Today the long-awaited Shared Parental Leave comes into force. The aim of the policy is to give parents greater flexibility in sharing the care of their child in the 12 months following their birth or adoption. Yet many parents remain confused about what the new legislation really means for their family.
Shared Parental Leave (SPL) is now available for all parents with a baby due before or after 05 April 2015. Supporters says that it will help women return to the workplace and allow men to be more involved in caring for their children.
However, new research by My Family Care and Workingmums.co.uk has revealed that parents are uncertain about what the changes mean and are unclear on how they can take advantage of the new legislation.
Of the 1,000 people questioned by consumer researchers, 1 in 4 (25%) admitted they were unaware of the changes. Nearly a third (32%) said they don’t understand the changes at all and a further 31% said the changes had left them with plenty of unanswered questions. A huge 72% said they specifically didn’t understand SPLIT days, making this a key issue that will need to be addressed
Gillian Nissim from Workingmums.co.uk, one of the companies who undertook the research, says: “What comes through from the survey data clearly is that parents are not aware of how SPL works, particularly on the detail like SPLIT days which allow mums and dads to keep in touch with work by working up to 20 days during their leave with their employers’ agreement.
“It is also interesting that they prefer a single block of leave to shorter periods. This may be because they think this would be less disruptive for all involved or because they find it difficult to understand how shorter blocks might work.

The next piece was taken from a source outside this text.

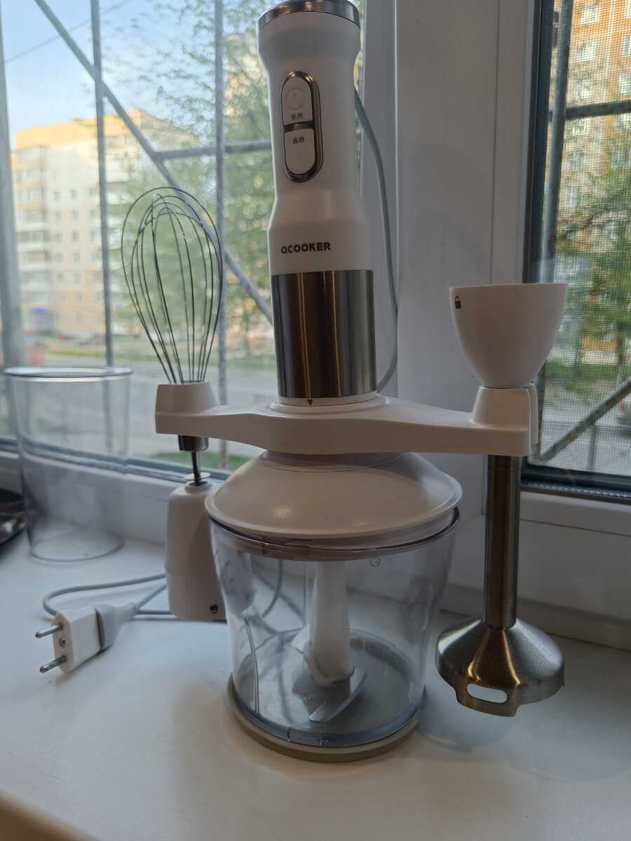 У бледера удобная подставка, удобно хранить комплектующие Есть функция блендера, венчика и погружного блендера Две кнопки: обычная работа и турбо режим. Работает отлично 👍

“It is clear that parents will need some guidance to help them negotiate this new legislation and how it might affect their family so they can make a decision that works for them. The aim of SPL is to open up choice for parents, but it must be an informed choice.”
When it comes to uptake of Shared Parental Leave, the research found that 41% of couples would not even consider it, although 80% said they would change their decision if their company provided enhanced SPL, which will otherwise be at the statutory level.
Almost half (43%) think that taking leave could impact their partner’s career progress and therefore the long-term family finances. On the other hand, 35% of people – presumably made up of a majority of mothers – said that taking SPL would be positive for their career.
Ben Black, Director of My Family Care, which helps companies introduce family-friendly ways of working, says: “These results show that there is still a long way to go when it comes to educating people about Shared Parental Leave.
“However, I believe that as time goes by and becomes a part of everyday working culture, the uptake will increase and employees will welcome the chance to spend more time with their new baby or share their maternity leave with their partner.
“This is ground-breaking legislation and only time will tell how it is welcomed by employers and employees alike.”